#### TASK DESCRIPTION
Your task is to give the records again exactly. Leave each picture out.

───

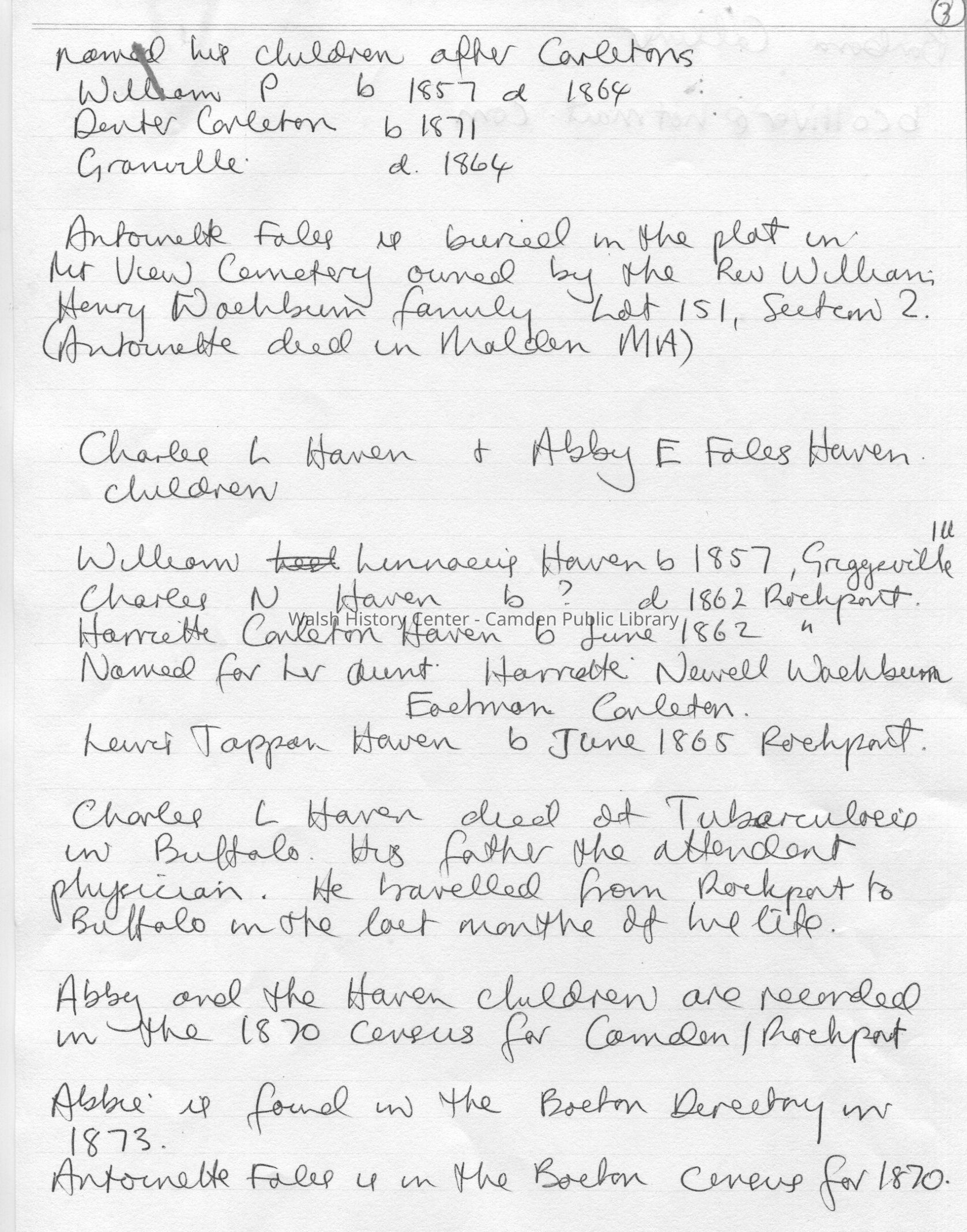 Photocopies of documents relating to the Carleton, Haven, Fales, and Washburn families of Rockport and Camden. These were compiled by a visiting researcher who gave copies for the collection. Includes Civil War pension application by Dr. Charles L. Haven's widow Abbie E. (Fales) Haven, the Civil War enlistment papers of Dr. Charles Haven in the Veteran Reserve Corps, Reg. 24, Co. B, and the researcher's handwritten genealogy of the families.Collection
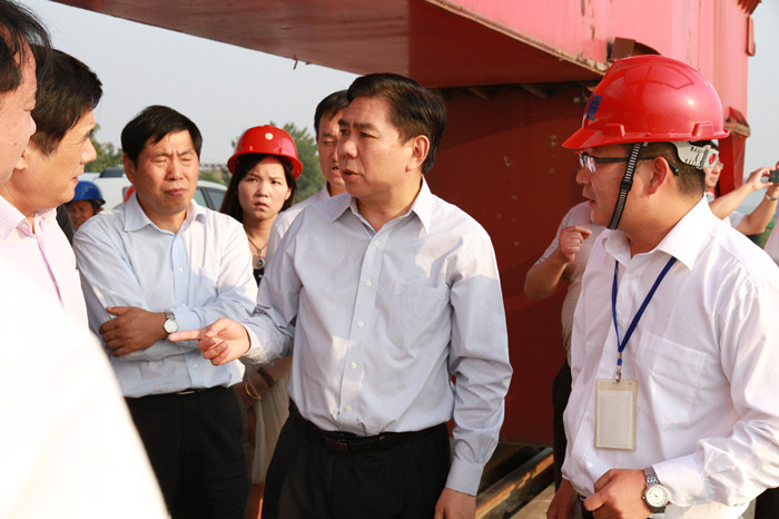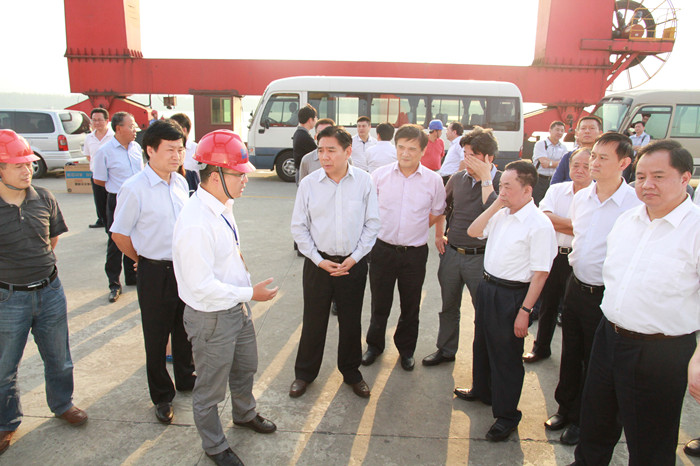 10月14日下午,國家發(fā)改委副主任徐憲平,交通運輸部綜合規(guī)劃司副司長蘇杰,國家發(fā)改委基礎(chǔ)產(chǎn)業(yè)司司長黃民,國家發(fā)改委規(guī)劃司副司長袁喜祿等領(lǐng)導(dǎo)一行,在湖南省人民政府副省長陳肇雄,長沙市領(lǐng)導(dǎo)余合泉等領(lǐng)導(dǎo)的陪同下就長江經(jīng)濟帶建設(shè)來長沙新港調(diào)研。湖南長沙新港有限責(zé)任公司董事長、總經(jīng)理、黨委副書記唐忠良,董事、副總經(jīng)理張韜,董事、長沙集星集裝箱碼頭有限公司副總經(jīng)理辛華等接待。 在長沙新港集裝箱碼頭上,集星公司副總經(jīng)理辛華首先向徐憲平副主任一行介紹了長沙新港一、二期碼頭規(guī)模、貨源、業(yè)務(wù)、運營等情況,著重介紹了湘江長沙綜合樞紐試通航初期和長沙海事為長沙新港開辟樞紐“綠色通道”后,碼頭業(yè)務(wù)及生產(chǎn)情況對比。辛華介紹說:“樞紐‘綠色通道’開辟以來,船舶進出閘通過艘次提高26.84%;集裝箱吞吐量達46412標(biāo)箱,比‘綠色通道’開辟之前提高86.28%。”隨后,新港公司副總經(jīng)理張韜向徐憲平副主任一行介紹了三期工程規(guī)劃、建成規(guī)模、建設(shè)進展等情況。 徐憲平副主任指出,湖南這些年發(fā)展迅速,強大的水運網(wǎng)絡(luò)給予了湖南對外經(jīng)濟發(fā)展強大的支持。長沙新港碼頭地理位置優(yōu)越,硬件設(shè)施完備,足夠滿足碼頭日常生產(chǎn)需求;港口規(guī)劃及管理科學(xué)規(guī)范,集裝箱碼頭管理系統(tǒng)十分先進;碼頭生產(chǎn)井然有序,一派繁忙景象。徐憲平副主任肯定了長沙新港這幾年建設(shè)、經(jīng)營所取得的成績并強調(diào),三期建成后,港口功能將更加完善,有望成為國內(nèi)一流的現(xiàn)代化內(nèi)河港口,長沙新港前景可觀。 |
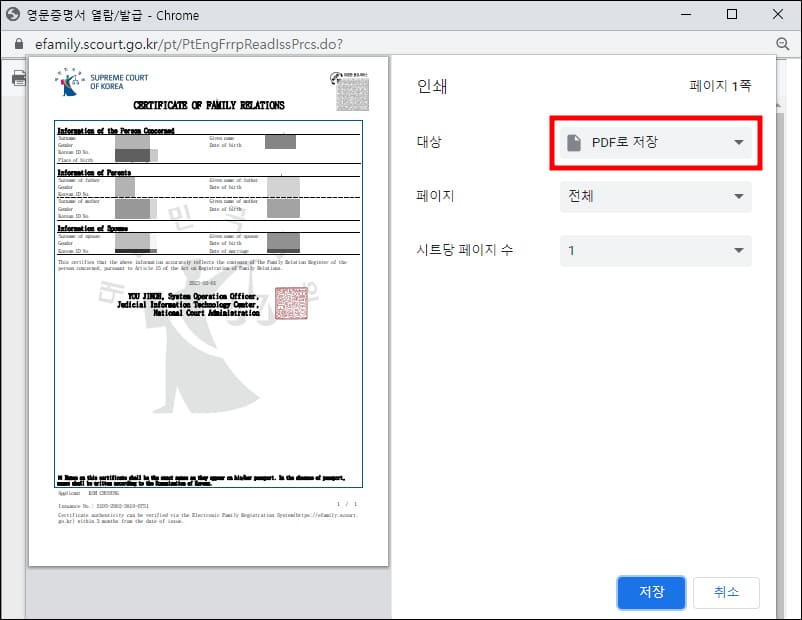 영문 가족관계증명서 인터넷 발급의 장점은 서류를 PDF로 저장할 수 있다는 것입니다. 해외여행을 준비 중이라면 PDF로 저장해 휴대폰에 파일을 저장해 두고 종이로 출력해서 함께 가지고 다니는 것을 추천합니다.
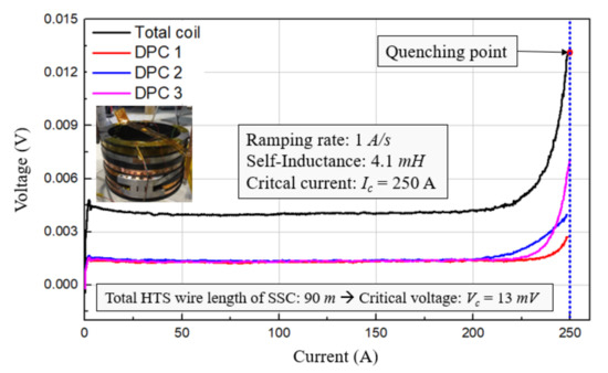 In addition, we confirmed the operating characteristics of the SSC at an operating temperature of 77 K, as shown in Figure 12. The self-inductance and critical current of the SSC are measured to be 4.1 mH and 250 A, respectively. With the operating current of 200 A, the safety margin of the SSC is 20%.
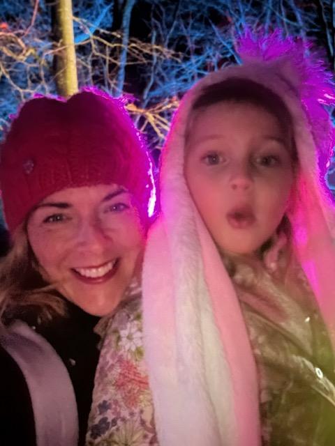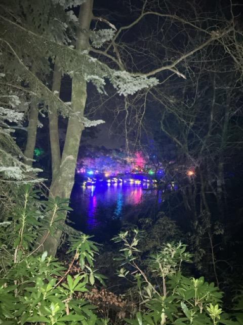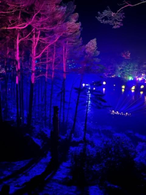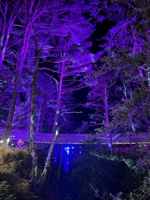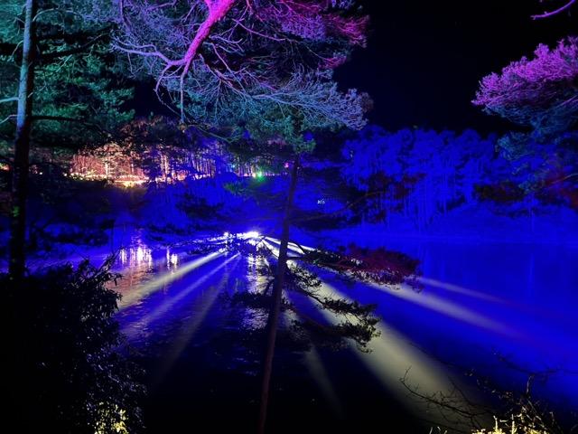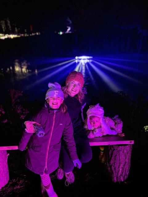 From the moment we arrived, bundled up against the freezing stillness of a clear January night, the atmosphere felt magical. The woodland paths and lakeside trail were illuminated by vibrant, professionally designed light displays that shifted and danced as we wandered around the water’s edge.
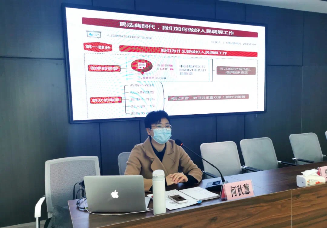 2021年2月3日下午,飞英司法所在米行街党群服务中心三楼会议厅开展人民调解员培训讲座。本所何秋慧律师受邀为在场的全体人民调解员培训民法典的新知识。
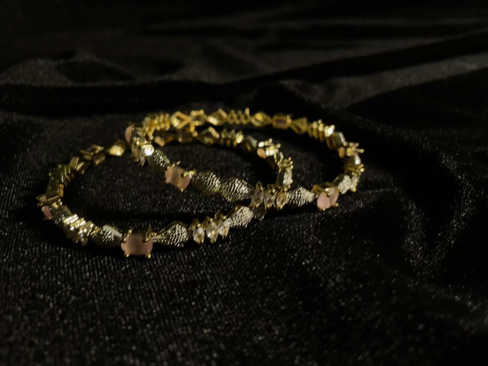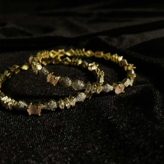 Shams Bangles feature a sophisticated pink and silver color palette. The elegant design combines durability with refined aesthetics, making them suitable for both formal occasions and everyday wear. The contrasting tones create a versatile accessory that complements various outfits while maintaining a distinctly luxurious appearance.
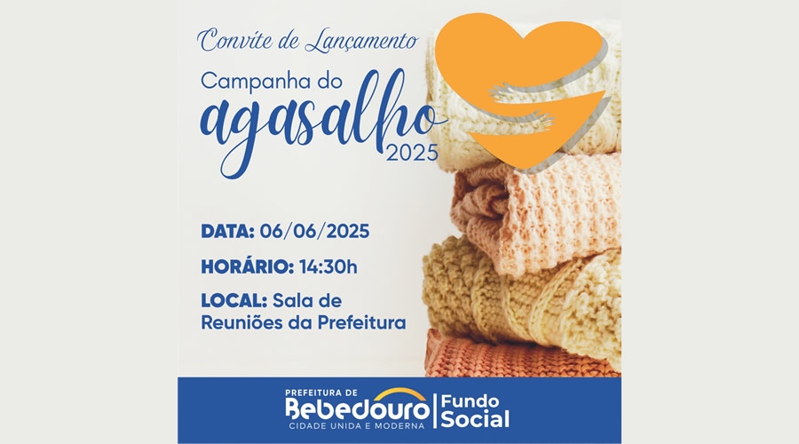 A Prefeitura Municipal de Bebedouro, através do Fundo Social de Solidariedade de Bebedouro, convida para participar do lançamento oficial da Campanha do Agasalho 2025.
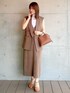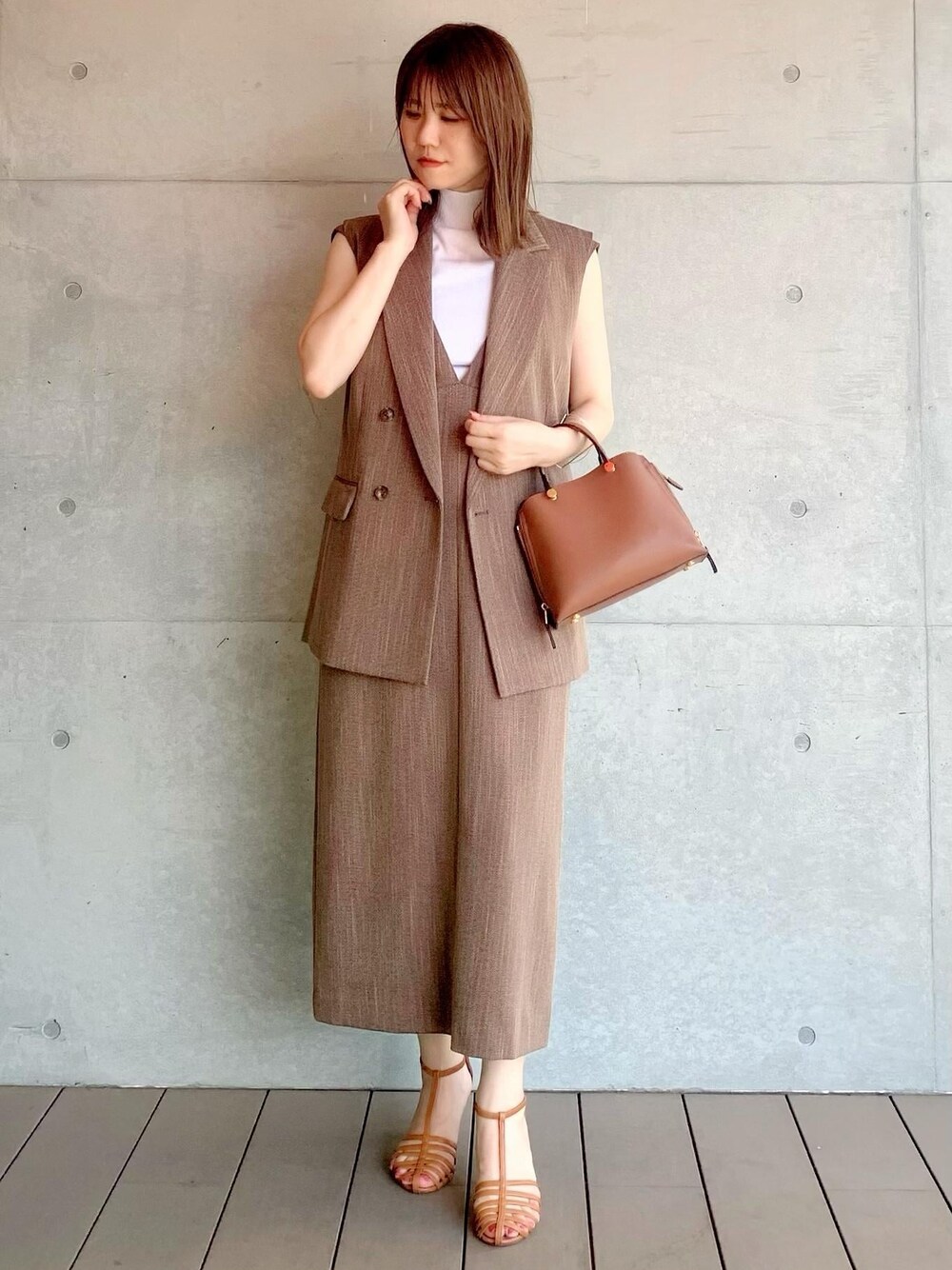 スリーブレスのカジュアルな羽織と、クラシカルなジャンパースカートの新しいセットアップです。 女性らしさにほどよく抜け感がでるので、きれいすぎずシーンを選びません。 インナーをタンクトップ/Tシャツにしたらすぐに着れる秋のスイッチアイテムです!

───

#### OUTPUT OF THE TASK
 Photocopies of documents relating to the Carleton, Haven, Fales, and Washburn families of Rockport and Camden. These were compiled by a visiting researcher who gave copies for the collection. Includes Civil War pension application by Dr. Charles L. Haven's widow Abbie E. (Fales) Haven, the Civil War enlistment papers of Dr. Charles Haven in the Veteran Reserve Corps, Reg. 24, Co. B, and the researcher's handwritten genealogy of the families.Collection
 10月14日下午,國家發(fā)改委副主任徐憲平,交通運輸部綜合規(guī)劃司副司長蘇杰,國家發(fā)改委基礎(chǔ)產(chǎn)業(yè)司司長黃民,國家發(fā)改委規(guī)劃司副司長袁喜祿等領(lǐng)導(dǎo)一行,在湖南省人民政府副省長陳肇雄,長沙市領(lǐng)導(dǎo)余合泉等領(lǐng)導(dǎo)的陪同下就長江經(jīng)濟帶建設(shè)來長沙新港調(diào)研。湖南長沙新港有限責(zé)任公司董事長、總經(jīng)理、黨委副書記唐忠良,董事、副總經(jīng)理張韜,董事、長沙集星集裝箱碼頭有限公司副總經(jīng)理辛華等接待。 在長沙新港集裝箱碼頭上,集星公司副總經(jīng)理辛華首先向徐憲平副主任一行介紹了長沙新港一、二期碼頭規(guī)模、貨源、業(yè)務(wù)、運營等情況,著重介紹了湘江長沙綜合樞紐試通航初期和長沙海事為長沙新港開辟樞紐“綠色通道”后,碼頭業(yè)務(wù)及生產(chǎn)情況對比。辛華介紹說:“樞紐‘綠色通道’開辟以來,船舶進出閘通過艘次提高26.84%;集裝箱吞吐量達46412標(biāo)箱,比‘綠色通道’開辟之前提高86.28%。”隨后,新港公司副總經(jīng)理張韜向徐憲平副主任一行介紹了三期工程規(guī)劃、建成規(guī)模、建設(shè)進展等情況。 徐憲平副主任指出,湖南這些年發(fā)展迅速,強大的水運網(wǎng)絡(luò)給予了湖南對外經(jīng)濟發(fā)展強大的支持。長沙新港碼頭地理位置優(yōu)越,硬件設(shè)施完備,足夠滿足碼頭日常生產(chǎn)需求;港口規(guī)劃及管理科學(xué)規(guī)范,集裝箱碼頭管理系統(tǒng)十分先進;碼頭生產(chǎn)井然有序,一派繁忙景象。徐憲平副主任肯定了長沙新港這幾年建設(shè)、經(jīng)營所取得的成績并強調(diào),三期建成后,港口功能將更加完善,有望成為國內(nèi)一流的現(xiàn)代化內(nèi)河港口,長沙新港前景可觀。 |
 영문 가족관계증명서 인터넷 발급의 장점은 서류를 PDF로 저장할 수 있다는 것입니다. 해외여행을 준비 중이라면 PDF로 저장해 휴대폰에 파일을 저장해 두고 종이로 출력해서 함께 가지고 다니는 것을 추천합니다.
 In addition, we confirmed the operating characteristics of the SSC at an operating temperature of 77 K, as shown in Figure 12. The self-inductance and critical current of the SSC are measured to be 4.1 mH and 250 A, respectively. With the operating current of 200 A, the safety margin of the SSC is 20%.
 From the moment we arrived, bundled up against the freezing stillness of a clear January night, the atmosphere felt magical. The woodland paths and lakeside trail were illuminated by vibrant, professionally designed light displays that shifted and danced as we wandered around the water’s edge.
 2021年2月3日下午,飞英司法所在米行街党群服务中心三楼会议厅开展人民调解员培训讲座。本所何秋慧律师受邀为在场的全体人民调解员培训民法典的新知识。
 Shams Bangles feature a sophisticated pink and silver color palette. The elegant design combines durability with refined aesthetics, making them suitable for both formal occasions and everyday wear. The contrasting tones create a versatile accessory that complements various outfits while maintaining a distinctly luxurious appearance.
 A Prefeitura Municipal de Bebedouro, através do Fundo Social de Solidariedade de Bebedouro, convida para participar do lançamento oficial da Campanha do Agasalho 2025.
 スリーブレスのカジュアルな羽織と、クラシカルなジャンパースカートの新しいセットアップです。 女性らしさにほどよく抜け感がでるので、きれいすぎずシーンを選びません。 インナーをタンクトップ/Tシャツにしたらすぐに着れる秋のスイッチアイテムです!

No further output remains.